Jupyter notebook for quality control of mass spectrometry data.
This notebook performs basic QC for proteomics experiments processed with FragPipe and raw data in mzML format.
From raw mzML files:
- counts MS1 and MS2 spectra
From FragPipe results
- PSM / peptide / protein counts
- fraction of PSMs with missed cleavages
- fraction of signal intensity from missed cleavages
- enzymatic specificity (fully / semi / non-tryptic peptides)
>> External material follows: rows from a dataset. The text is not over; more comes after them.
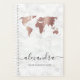 Design de planificador de na moda que apresenta um mapa mundial de rosa de cobre faux elegante, fundo de mármore branco e letra elegante de caligrafia. Personalize o produto com seu nome e detalhes.
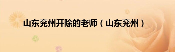 大家好,小问来为大家解答以上问题。山东兖州开除的老师,山东兖州这个很多人还不知道,现在让我们一起来看看吧!
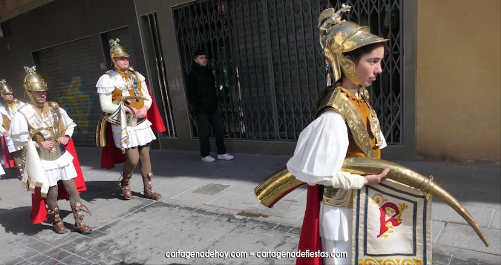 Entre las novedades de este pasacalles figura María Mínguez, quien desde el pasado mes de noviembre es la presidenta de la gestora de los romanos blancos, y que tres hermanos llevasen, a fina de la formación, una bandera roja sobre la que viandantes depositaban monedas y billetes. “Es la petitoria, que era muy habitual en los pasacalles de cuaresma hace varias décadas con el objetivo de recoger fondos para ayudar a las agrupaciones en sus gastos. Hemos decidido recuperar esta tradición, pues en su día lo habitual es que la petitoria cerrase al grupo”, explicaba a Cartagena de Hoy la hermana mayor de la cofradía, Marién García Boj.
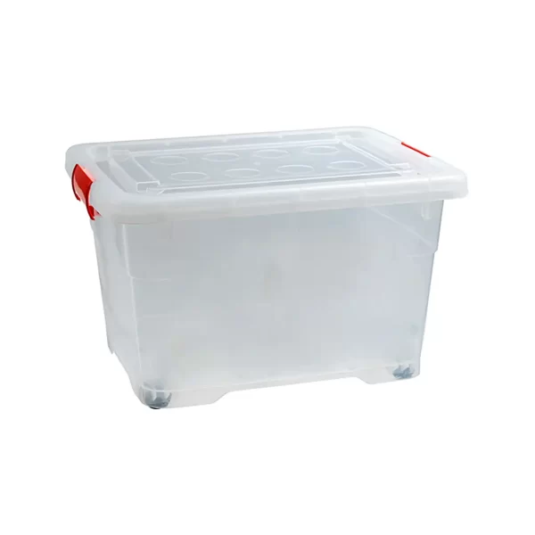 Cutia de depozitare din plastic cu roti si capac avand o capacitate de 50l, ofera un spatiu de depozitare practic, accesibil si clar datorita transparentei sale, pentru haine, jucariile copiilor, diverse alimente cum ar fi legumele si fructele, echipamente de lucru / sportive (salopete, manusi) unelte usoare utile in gradina, accesorii de birou sau produse de intretinere si igiena in baie. Design-ul special cu roti permite mutarea usoara a cutiei din plastic pe suprafete denivelate, mochete, covoare, etc. Fabricata din polietilena de inalta densitate (HDPE) a fost realizata sa dureze in timp si sa reziste uzul intens, socuri de impact, umiditate si schimbari de temperatura.
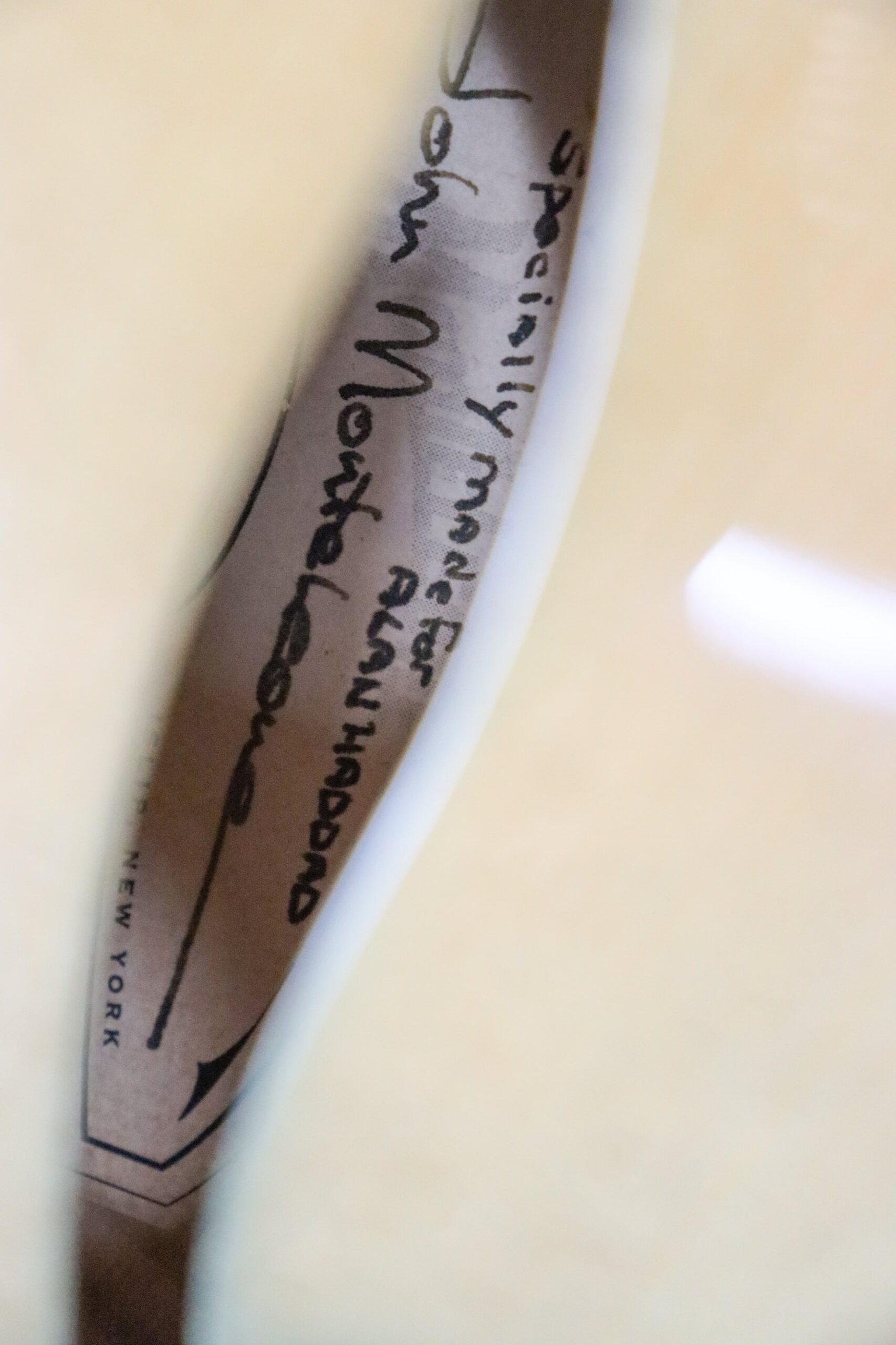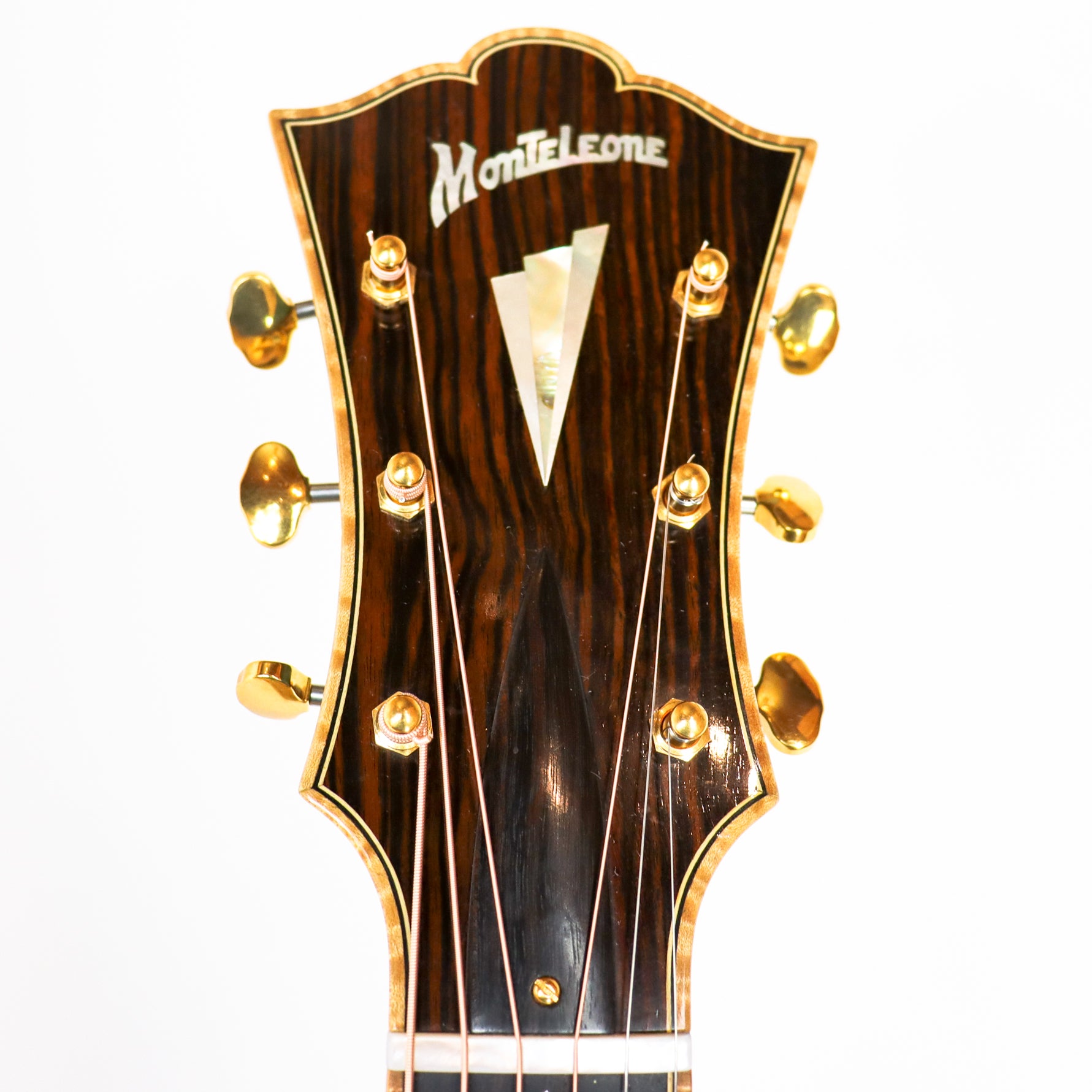 John Monteleone is widely considered to be one of the world’s preeminent builders of archtop guitars. Having started his career as a repairman for the famous (and now defunct) Mandolin Brothers on Staten Island, Monteleone quickly garnered a reputation for quality and design. Some of his work was featured in the Metropolitan Museum of Art, on loan from Rudy Pensa himself.
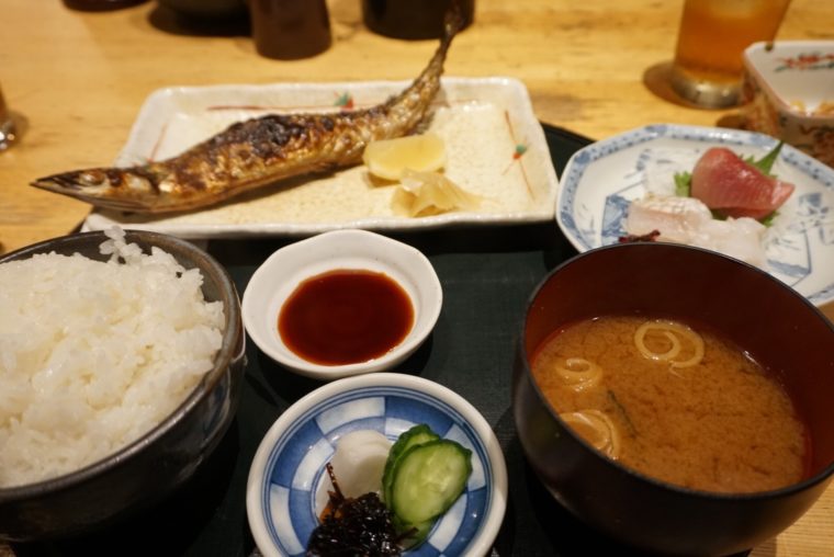 これは悩みますね〜。1つだけ悩まないのは「欲ばり定食」を頼むことだけ。焼き魚に加えて刺身がついてくる文字通り贅沢な定食です。
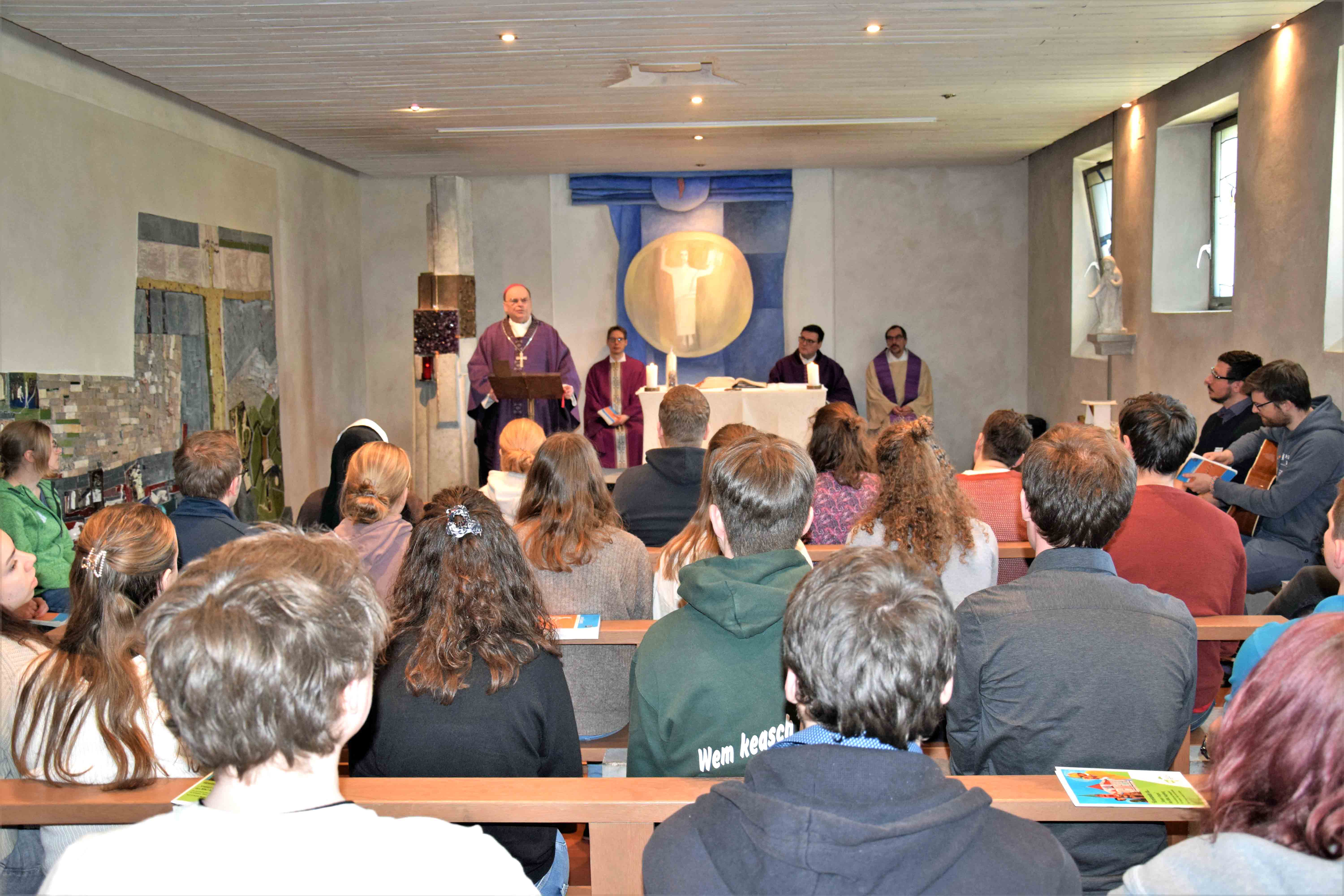 Ohne Jugend gebe es in Zukunft keine Kirche, betonte Bischof Dr. Bertram Meier in seiner kurzen Predigt in der Kapelle des Jugendhauses Elias in Seifriedsberg während des Gottesdienstes bei der Diözesanversammlung des Bundes der Deutschen Katholischen Jugend (BDKJ). Er stehe zur Jugend und wolle sich bei den zuständigen Pfarrern vor Ort dafür einsetzen, dass es für die Jugendorganisationen Unterstützung gebe, und dass der Jugend auf Augenhöhe begegnet werde, fuhr der Bischof fort.
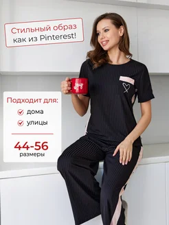 Домашний костюм двойка лапша с брюками в рубчик оверсайз

- missed cleavage distribution
- peptide length distribution
- charge state distribution
- intensity distribution (PSM level)
- protein dynamic range
All results are visualized and summarized in a final merged table.
- Python>=3.12
- matplotlib
- pandas
- pyteomics
- seaborn
- numpy
The notebook expects the following structure:
project/
├── raw/ # mzML files
│ ├── sample1.mzML
│ ├── sample2.mzML
│ └── ...
│
├── results/ # FragPipe output
│ ├── experiment_annotation.tsv
| ├── ...
│ ├── sample1/
│ │ ├── psm.tsv
│ │ ├── peptide.tsv
| | ├── protein.tsv
| | └── ...
│ ├── sample2/
│ │ ├── psm.tsv
│ │ ├── peptide.tsv
| | ├── protein.tsv
| | └── ...
│ └── ...
experiment_annotation.tsv must contain at least two columns: file - raw file name; sample_name - sample number in FragPipe
Install dependencies:
$ pip install -r requirements.txt
At the top of the notebook set:
result_path = '' # path to folder with FragPipe results
raw_dir_path = '' # path to folder with mzML files
annotation_path = f'{result_path}/experiment_annotation.tsv'Run all cells
Public raw data used for testing were obtained from the PRIDE repository (project PXD000498).